> [EXERCISE]: Reproduce only what runs from the line containing "Shade is Vanilla." to the line containing "One of my favorite" in the records below, inclusive. Keep it exact, and keep the pictures out.

START INPUT FOR THIS TASK

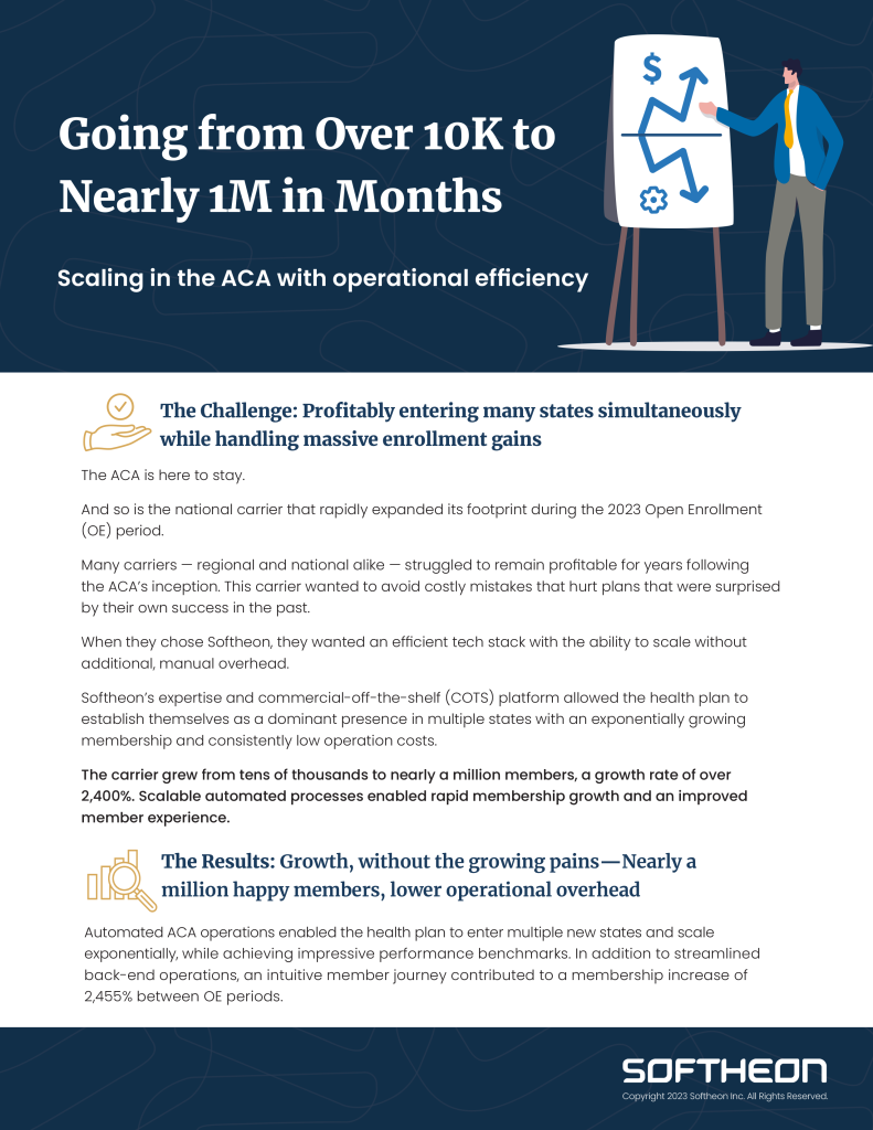 Softheon connects enrollment, billing, and payments across ACA, ICHRA, Dental, Vision, and Medicare Advantage to improve effectuation and reduce churn. Members get a seamless way to enroll and pay, while plans gain real-time visibility and smarter operations. The result: Faster cash flow, fewer delinquencies, and stronger retention.
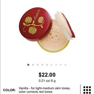 Shade is Vanilla. It's more of a translucent powder with a yellow tint to it. Powder was used less than 5 times. Sephora website recommends it for light to medium skin tones. PS: selling because I have a ton of setting powder and rarely reach for it + the shade is not my skin tone friendly if used all over the face.
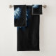 Blue Glowing Angel Wings on black background Bath Towel Set
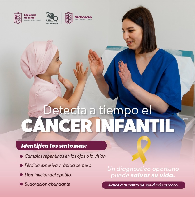 Para detectar el cáncer infantil a tiempo, es importante que padres y madres lleven a sus hijas e hijos al médico si observan síntomas como fiebre recurrente que no cede con medicamentos, crecimiento anormal del abdomen, moretones o manchas rojas o moradas en la piel, dolor de huesos, sangrados frecuentes de nariz y encías, debilidad y pérdida del apetito.
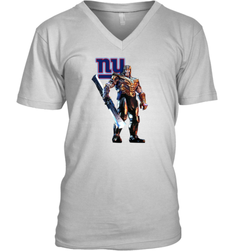 NFL Thanos Marvel Avengers Endgame Football New York Giants V-Neck T-Shirt
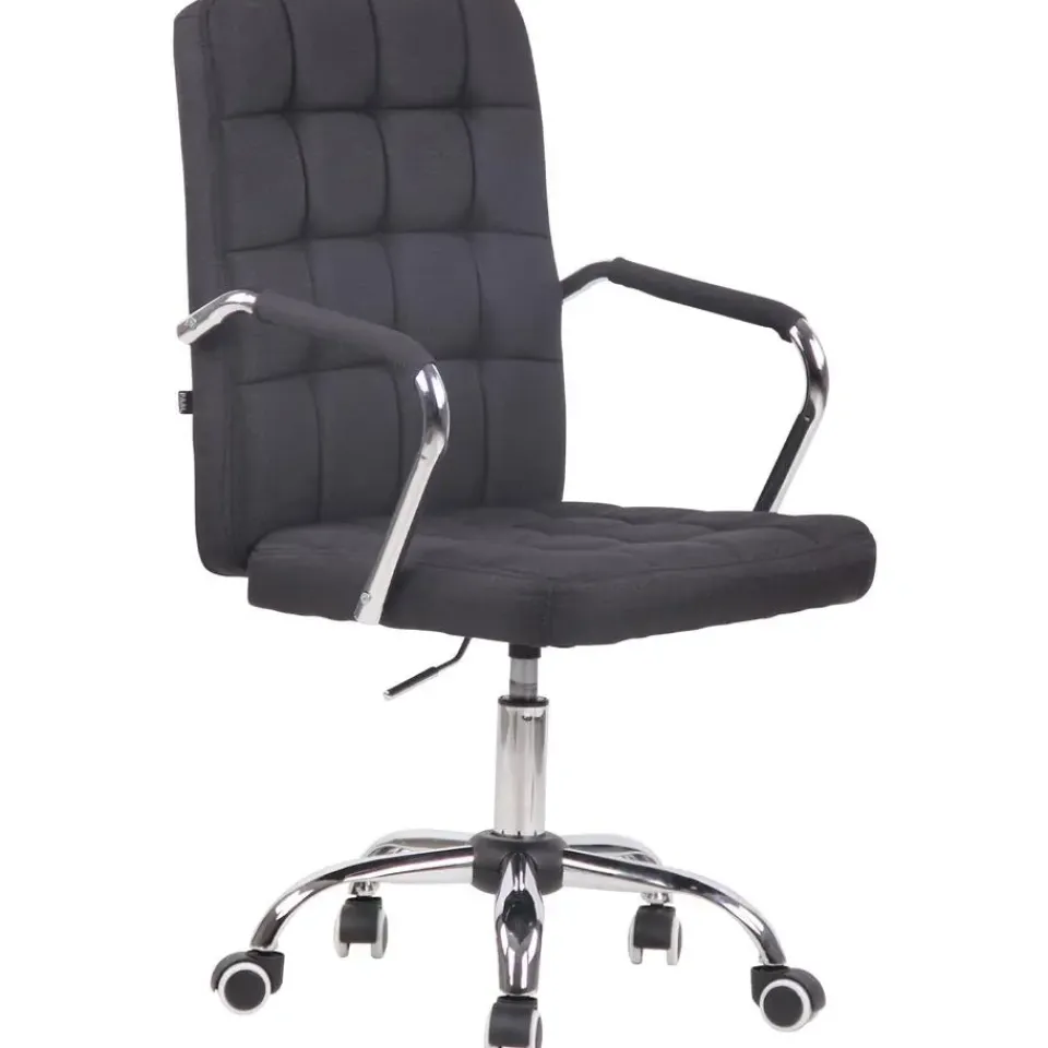 De bureaustoel Terni maakt indruk met zijn moderne vormgeving en biedt een hoog niveau van comfort tijdens het werk dankzij de rugleuning. Deze bureaustoel heeft een zeer hoogwaardige bekleding en is bekleed met kunstleer of stof. Het elegante verchroomde frame en de massief gebogen armleuningen met bekleding geven hem dat extraatje. De zithoogte kan traploos worden ingesteld met de hendel onder de stoel. Dit garandeert een hoog niveau van comfort tijdens het werk over een lange periode. De bureaustoel staat stevig op een metalen frame in chroomlook met vijf licht lopende wielen.
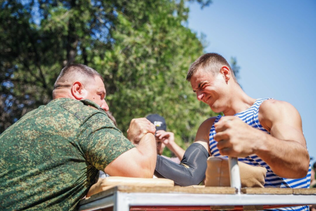 Тирасполь, 28 июля. /Новости Приднестровья/. В одной из частей Тираспольского гарнизона прошли соревнования по подтягиванию на перекладине, армрестлингу и перетягиванию каната. Спортивное событие приурочили к 28-й годовщине ввода Миротворческих сил Российской Федерации в Приднестровье.
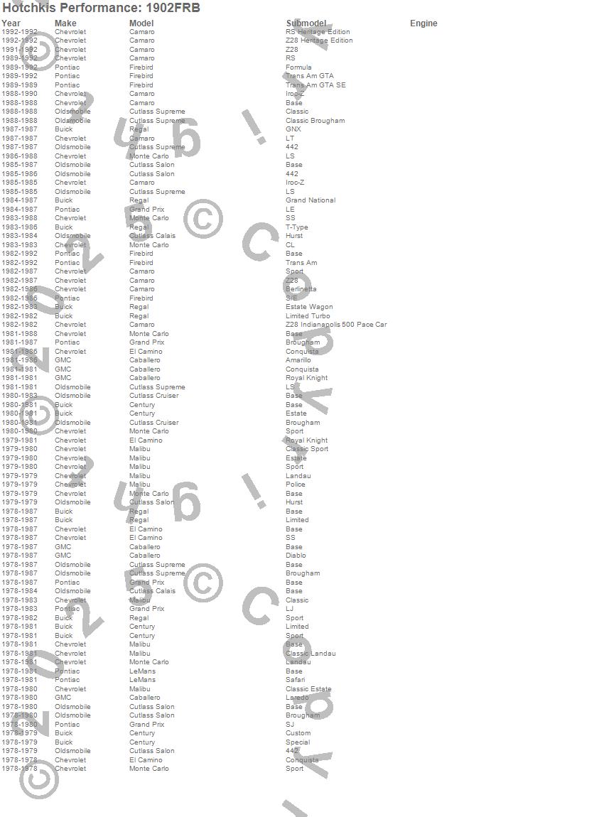 Caballero, Camaro, Caprice, Century, Cutlass, Cutlass Calais, Cutlass Cruiser, Cutlass Salon, Cutlass Supreme, El Camino, Firebird, Grand Prix, LeMans, Malibu, Monte Carlo, Regal, Buick, Chevrolet, GMC, Oldsmobile more…
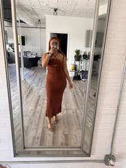 One of my favorite designers! This dress is the prettiest color brown! Absolutely loved everything about it!
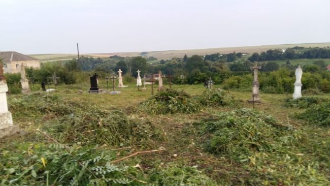 Prace porządkowe rozpoczęliśmy od cmentarza w Podhajcach. Mogiły naszych rodaków są tam położone w różnych częściach bardzo rozległego cmentarza. Niektóre nagrobki mają napisy w języku polskim , inne – jak dowiedzieliśmy się od „tubylców” – mimo, że są polskie opisane są w języku rosyjskim lub ukraińskim. Nagrobki są bardzo zniszczone i zaniedbane, ukryte wśród zarośli i chaszczy. Nie wszystkie można było zidentyfikować, czas zrobił swoje. Prace na tym cmentarzu prowadziliśmy przez trzy dni, a było to koszenie trawy, wycinanie krzewów i chaszczy, pielenie, czyszczenie i mycie pomników, odnawianie napisów, opryski chwastów i zarośli. Na koniec zapaliliśmy znicze i umieściliśmy na nagrobkach wstążki w narodowych barwach.
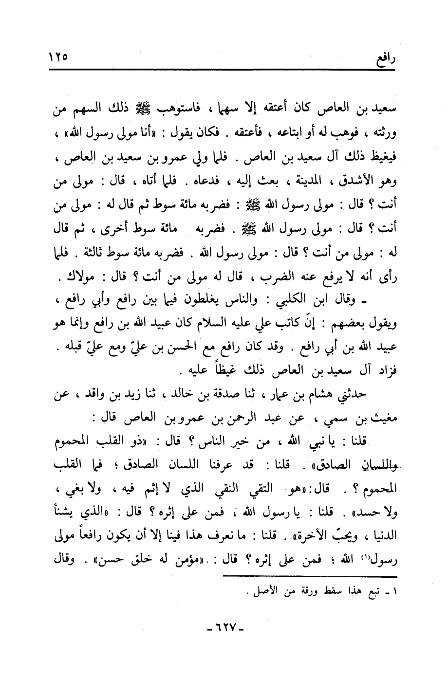 [1] رسم الخط غير واضح ويمكن ان يقرء «قهيز» و «قهز» . وعلم بعد قوله: «عليه» علامة وكتب في الهامش «قميص» . وما صححناه وجدناه موافقا لما ذكره ابن سعد في الطبقات:
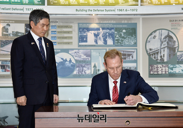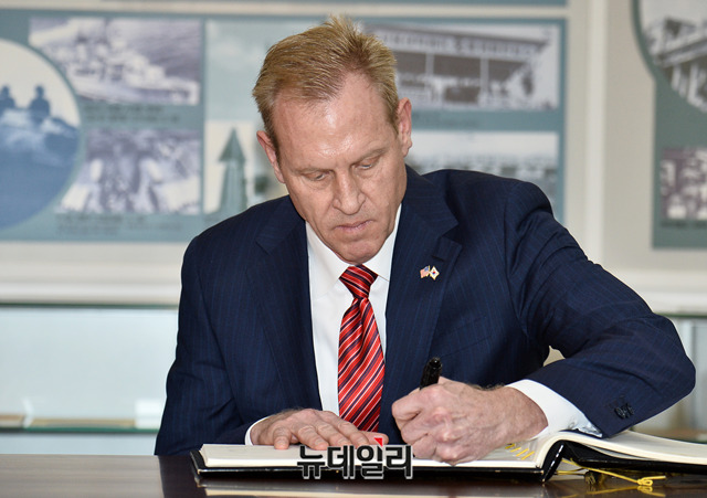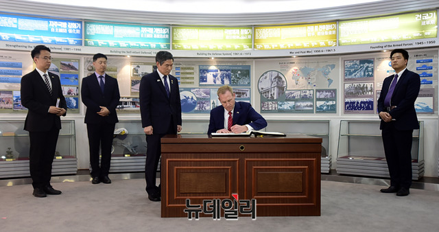 '패트릭 새너핸' 미국 국방부 장관 대행이 3일 오전 서울 용산구 국방부에서 열린 한미 국방장관 회담에 앞서 방명록을 작성하고 있다.
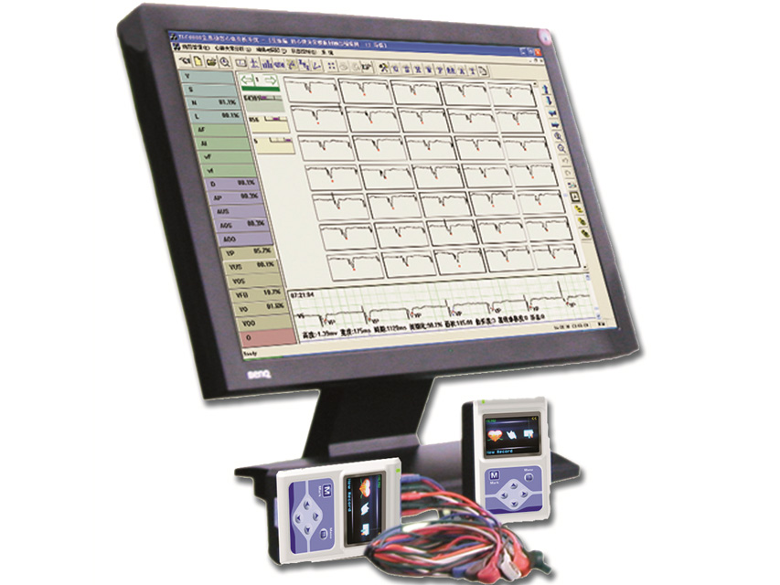 Sistēma ECG Holter. Sistēmā ietilpst ECG reģistrētājs un programmatūra, kuru var pievienot datorsistēmai vai lāzerprinterim. Iebūvēta flash-atmiņa, lai palielinātu atmiņas apjomu. Paraugu ņemšanas biežums 1000 paraugu/sekundē uzlabo signāla kvalitāti. Sistēmas precizitāte tiek nodrošināta uz AHA un MIT datu rēķina. Īpatnības: - Programmatūras interfeiss. - Ātra un precīza analīzes sistēma. - Speciāla R punkta rediģēšanas sistēma. - Pilnīga segmenta ST analīzes funkcija. - Visu kanālu Т-viļņa funkcijas analīze un trenda viļņa T-aiļu analīze. - ECG trenda grafika apskats - HR mainīguma sistēmas analīzi nodrošina ar regulāru SDNN, SDNN, RMSSD, LF, HF, laika un frekvenču domēnu. - QT analīze un trenda intervāla QT analīze. - ECG iegūst tieši bez atsevišķa kanāla- turklāt ir funkcijas VCG, VLP, TVCG, HRT, TWA. (оpcija) Reģistrētājs: - 12-kanālu sinhronā ECG. - Маzs ECG-reģistrētājs ar krāsu OLED-ekrānu ECG attēlošanai un datu apskats reālā laikā. - Ietilpība līdz 2 Gb. - Diskretizācijas biežums pēc izvēles: 200, 500, 1000 paraugi/sek. - Parauga precizitāte: 12 biti. - Iebūvēts FLASH nesējs, USB interfeiss. - Оperāciju sistēma: Windows 98, 2000, XP, 7. Теhniskie parametri: • Spriegums: 1 мВ ± 5%. • Standarta jutīgums: 10 mm/mV ± 5%. • Trokšņa līmenis: = 30μV • CMRR: =60dB • Reģistrēto frekvenču diapazons: 10Hz kā orientieris, 0.5 Hz 55 Hz- -3dB • Laika konstante:> 3.2s • Skenēšanas ātrums: 25 mm /s ± 5% • Noturīgs polarizācijas spriegums: ± 300 mV • Mazākais mērījumu signāls: 50μV р-р

END INPUT FOR THIS TASK

> [OUTPUT OF THE EXERCISE]:
 Shade is Vanilla. It's more of a translucent powder with a yellow tint to it. Powder was used less than 5 times. Sephora website recommends it for light to medium skin tones. PS: selling because I have a ton of setting powder and rarely reach for it + the shade is not my skin tone friendly if used all over the face.
 Blue Glowing Angel Wings on black background Bath Towel Set
 Para detectar el cáncer infantil a tiempo, es importante que padres y madres lleven a sus hijas e hijos al médico si observan síntomas como fiebre recurrente que no cede con medicamentos, crecimiento anormal del abdomen, moretones o manchas rojas o moradas en la piel, dolor de huesos, sangrados frecuentes de nariz y encías, debilidad y pérdida del apetito.
 NFL Thanos Marvel Avengers Endgame Football New York Giants V-Neck T-Shirt
 De bureaustoel Terni maakt indruk met zijn moderne vormgeving en biedt een hoog niveau van comfort tijdens het werk dankzij de rugleuning. Deze bureaustoel heeft een zeer hoogwaardige bekleding en is bekleed met kunstleer of stof. Het elegante verchroomde frame en de massief gebogen armleuningen met bekleding geven hem dat extraatje. De zithoogte kan traploos worden ingesteld met de hendel onder de stoel. Dit garandeert een hoog niveau van comfort tijdens het werk over een lange periode. De bureaustoel staat stevig op een metalen frame in chroomlook met vijf licht lopende wielen.
 Тирасполь, 28 июля. /Новости Приднестровья/. В одной из частей Тираспольского гарнизона прошли соревнования по подтягиванию на перекладине, армрестлингу и перетягиванию каната. Спортивное событие приурочили к 28-й годовщине ввода Миротворческих сил Российской Федерации в Приднестровье.
 Caballero, Camaro, Caprice, Century, Cutlass, Cutlass Calais, Cutlass Cruiser, Cutlass Salon, Cutlass Supreme, El Camino, Firebird, Grand Prix, LeMans, Malibu, Monte Carlo, Regal, Buick, Chevrolet, GMC, Oldsmobile more…
 One of my favorite designers! This dress is the prettiest color brown! Absolutely loved everything about it!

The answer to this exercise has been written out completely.